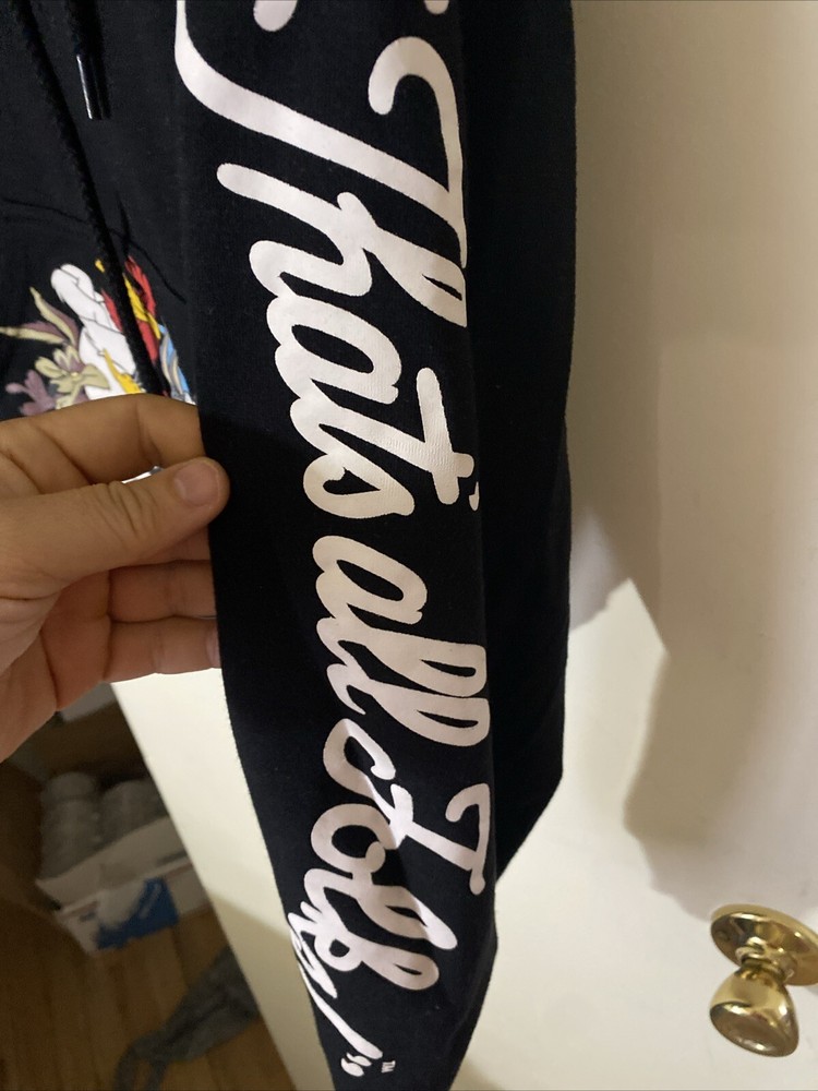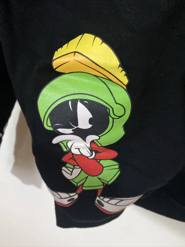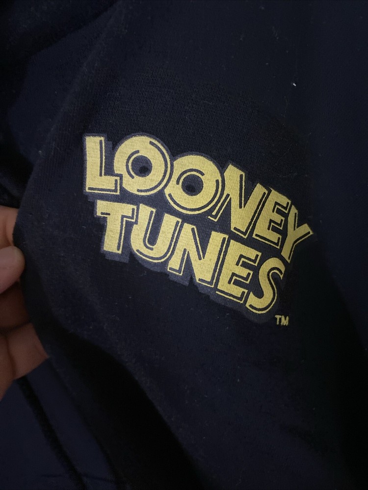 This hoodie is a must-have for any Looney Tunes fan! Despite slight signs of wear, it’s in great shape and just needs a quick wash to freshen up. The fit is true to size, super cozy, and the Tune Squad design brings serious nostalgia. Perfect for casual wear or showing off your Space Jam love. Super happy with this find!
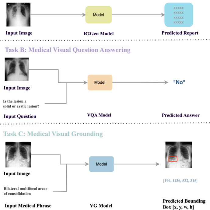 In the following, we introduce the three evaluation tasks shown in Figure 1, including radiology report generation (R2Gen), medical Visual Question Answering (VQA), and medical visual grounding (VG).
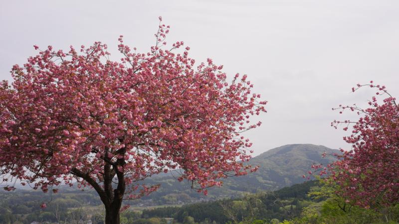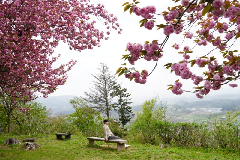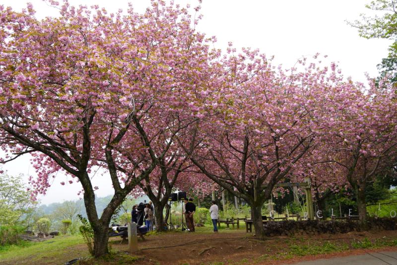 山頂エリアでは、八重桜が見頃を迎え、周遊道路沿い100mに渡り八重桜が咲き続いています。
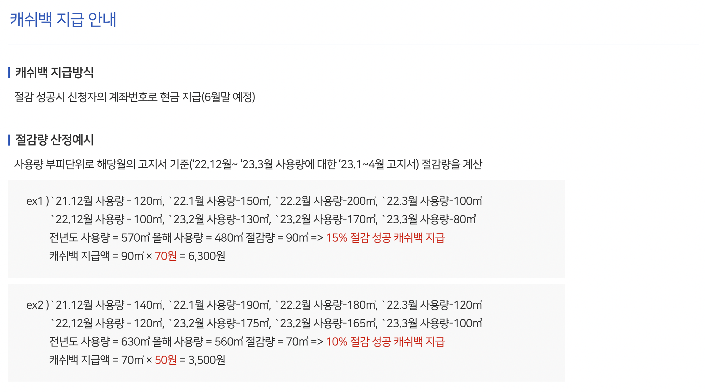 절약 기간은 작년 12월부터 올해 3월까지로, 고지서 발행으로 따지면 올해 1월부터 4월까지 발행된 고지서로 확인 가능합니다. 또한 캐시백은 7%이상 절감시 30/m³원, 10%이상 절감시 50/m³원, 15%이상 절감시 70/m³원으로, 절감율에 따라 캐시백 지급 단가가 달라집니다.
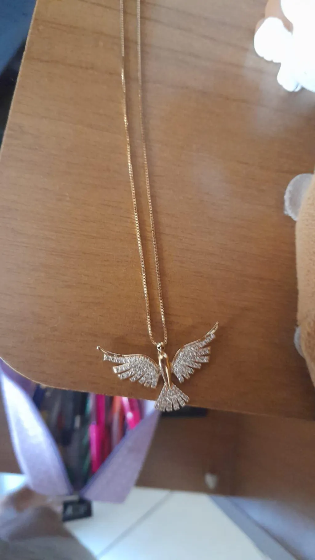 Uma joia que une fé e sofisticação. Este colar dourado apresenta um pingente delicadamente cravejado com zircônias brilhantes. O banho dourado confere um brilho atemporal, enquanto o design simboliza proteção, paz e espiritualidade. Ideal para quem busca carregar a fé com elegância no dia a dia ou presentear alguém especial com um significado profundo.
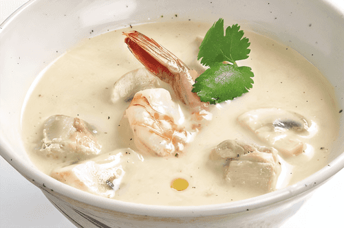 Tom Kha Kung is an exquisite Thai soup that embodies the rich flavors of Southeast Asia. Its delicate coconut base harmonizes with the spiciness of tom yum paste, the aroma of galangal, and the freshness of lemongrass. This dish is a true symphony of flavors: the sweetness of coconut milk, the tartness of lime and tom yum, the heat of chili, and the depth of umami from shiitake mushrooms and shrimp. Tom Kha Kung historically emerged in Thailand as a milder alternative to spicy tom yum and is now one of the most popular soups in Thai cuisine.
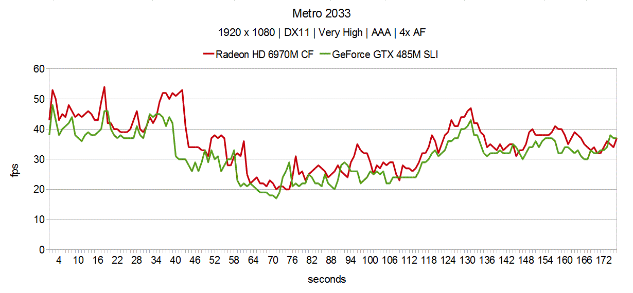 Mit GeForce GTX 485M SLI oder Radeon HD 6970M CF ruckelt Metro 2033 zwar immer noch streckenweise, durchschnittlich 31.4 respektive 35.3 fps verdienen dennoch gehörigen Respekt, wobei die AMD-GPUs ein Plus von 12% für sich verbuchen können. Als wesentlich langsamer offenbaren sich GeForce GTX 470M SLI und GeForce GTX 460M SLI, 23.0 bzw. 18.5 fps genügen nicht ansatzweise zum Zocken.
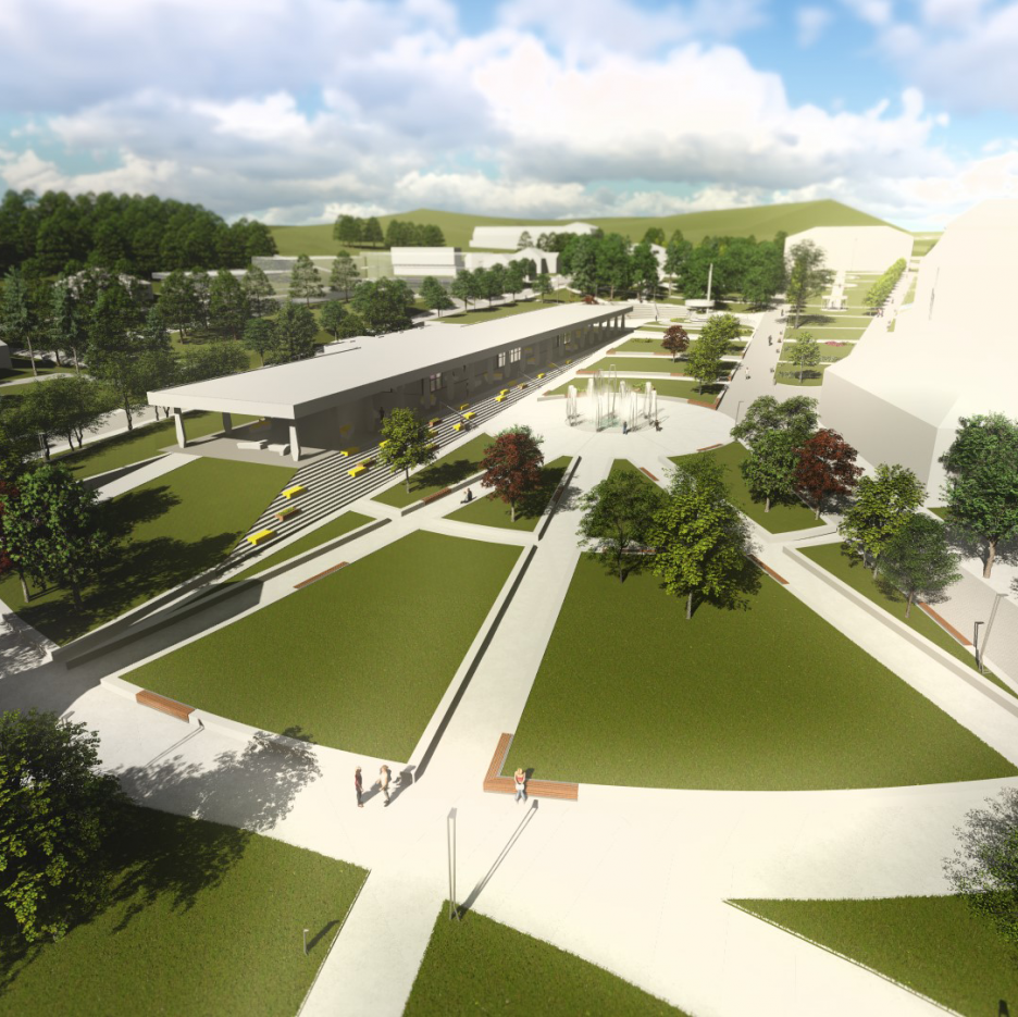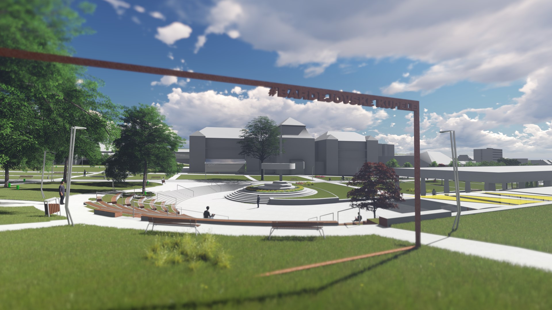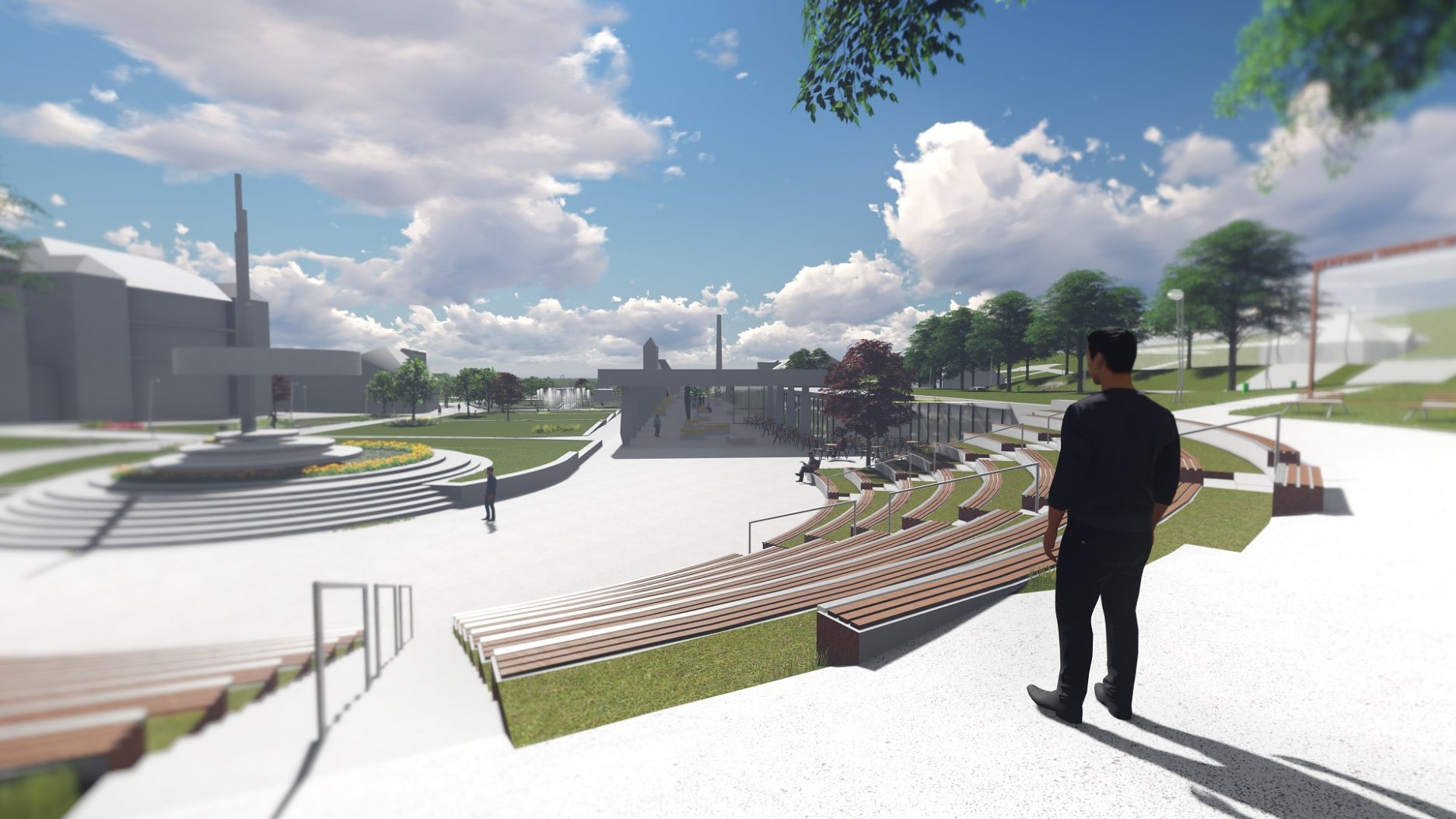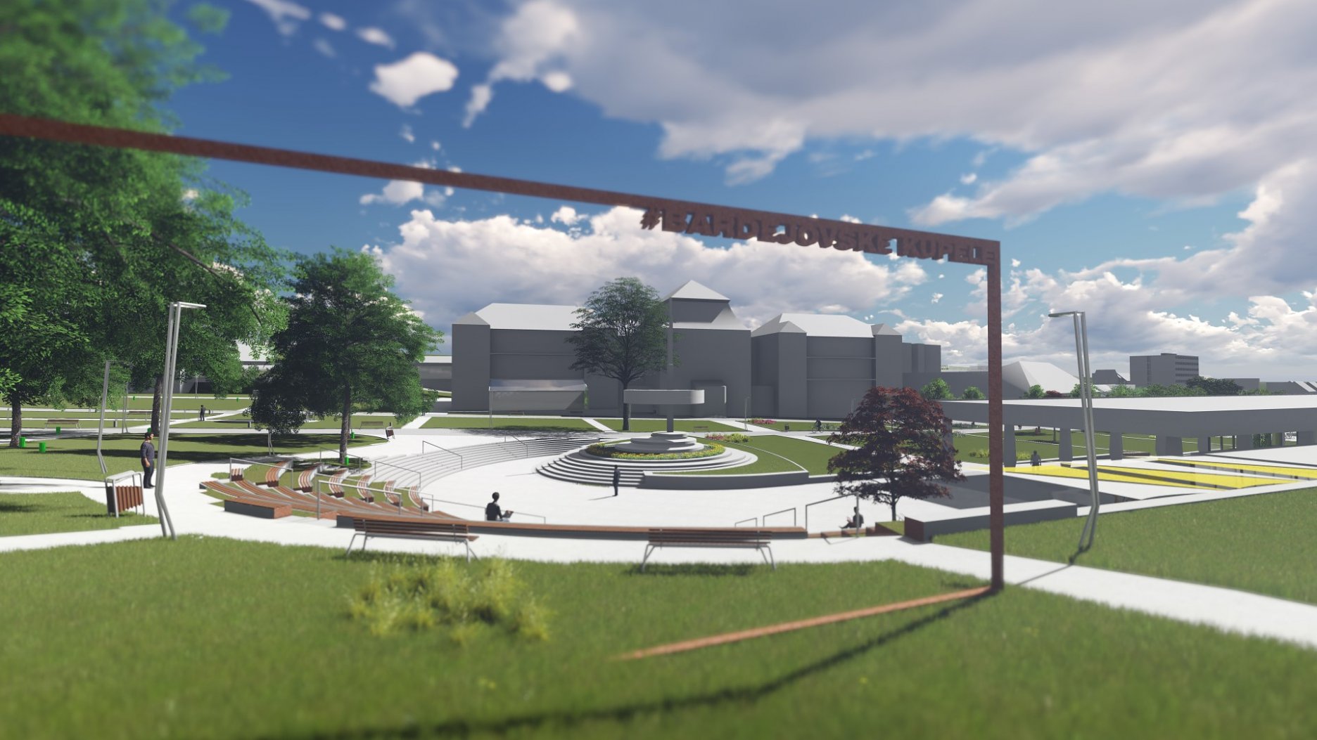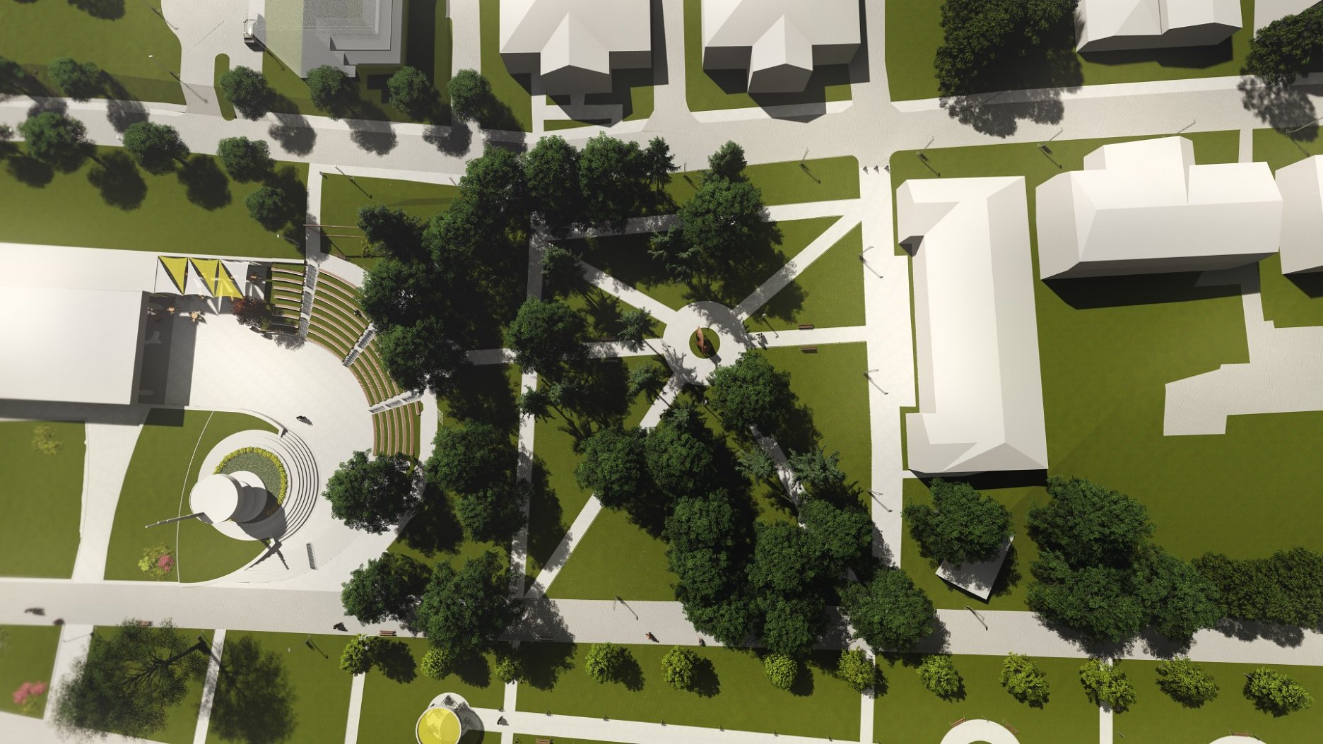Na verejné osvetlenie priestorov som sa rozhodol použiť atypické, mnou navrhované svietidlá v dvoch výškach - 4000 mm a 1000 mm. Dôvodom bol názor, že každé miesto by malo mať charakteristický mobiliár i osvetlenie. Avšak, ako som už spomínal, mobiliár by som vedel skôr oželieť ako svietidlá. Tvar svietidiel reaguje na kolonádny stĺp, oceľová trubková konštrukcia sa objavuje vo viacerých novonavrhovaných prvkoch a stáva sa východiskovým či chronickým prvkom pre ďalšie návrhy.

--*--

> [DIRECTIONS FOR THIS TASK]: Please output all the records above exactly, leaving out every picture.

> [TASK OUTPUT]:
 This hoodie is a must-have for any Looney Tunes fan! Despite slight signs of wear, it’s in great shape and just needs a quick wash to freshen up. The fit is true to size, super cozy, and the Tune Squad design brings serious nostalgia. Perfect for casual wear or showing off your Space Jam love. Super happy with this find!
 In the following, we introduce the three evaluation tasks shown in Figure 1, including radiology report generation (R2Gen), medical Visual Question Answering (VQA), and medical visual grounding (VG).
 山頂エリアでは、八重桜が見頃を迎え、周遊道路沿い100mに渡り八重桜が咲き続いています。
 절약 기간은 작년 12월부터 올해 3월까지로, 고지서 발행으로 따지면 올해 1월부터 4월까지 발행된 고지서로 확인 가능합니다. 또한 캐시백은 7%이상 절감시 30/m³원, 10%이상 절감시 50/m³원, 15%이상 절감시 70/m³원으로, 절감율에 따라 캐시백 지급 단가가 달라집니다.
 Uma joia que une fé e sofisticação. Este colar dourado apresenta um pingente delicadamente cravejado com zircônias brilhantes. O banho dourado confere um brilho atemporal, enquanto o design simboliza proteção, paz e espiritualidade. Ideal para quem busca carregar a fé com elegância no dia a dia ou presentear alguém especial com um significado profundo.
 Tom Kha Kung is an exquisite Thai soup that embodies the rich flavors of Southeast Asia. Its delicate coconut base harmonizes with the spiciness of tom yum paste, the aroma of galangal, and the freshness of lemongrass. This dish is a true symphony of flavors: the sweetness of coconut milk, the tartness of lime and tom yum, the heat of chili, and the depth of umami from shiitake mushrooms and shrimp. Tom Kha Kung historically emerged in Thailand as a milder alternative to spicy tom yum and is now one of the most popular soups in Thai cuisine.
 Mit GeForce GTX 485M SLI oder Radeon HD 6970M CF ruckelt Metro 2033 zwar immer noch streckenweise, durchschnittlich 31.4 respektive 35.3 fps verdienen dennoch gehörigen Respekt, wobei die AMD-GPUs ein Plus von 12% für sich verbuchen können. Als wesentlich langsamer offenbaren sich GeForce GTX 470M SLI und GeForce GTX 460M SLI, 23.0 bzw. 18.5 fps genügen nicht ansatzweise zum Zocken.
Na verejné osvetlenie priestorov som sa rozhodol použiť atypické, mnou navrhované svietidlá v dvoch výškach - 4000 mm a 1000 mm. Dôvodom bol názor, že každé miesto by malo mať charakteristický mobiliár i osvetlenie. Avšak, ako som už spomínal, mobiliár by som vedel skôr oželieť ako svietidlá. Tvar svietidiel reaguje na kolonádny stĺp, oceľová trubková konštrukcia sa objavuje vo viacerých novonavrhovaných prvkoch a stáva sa východiskovým či chronickým prvkom pre ďalšie návrhy.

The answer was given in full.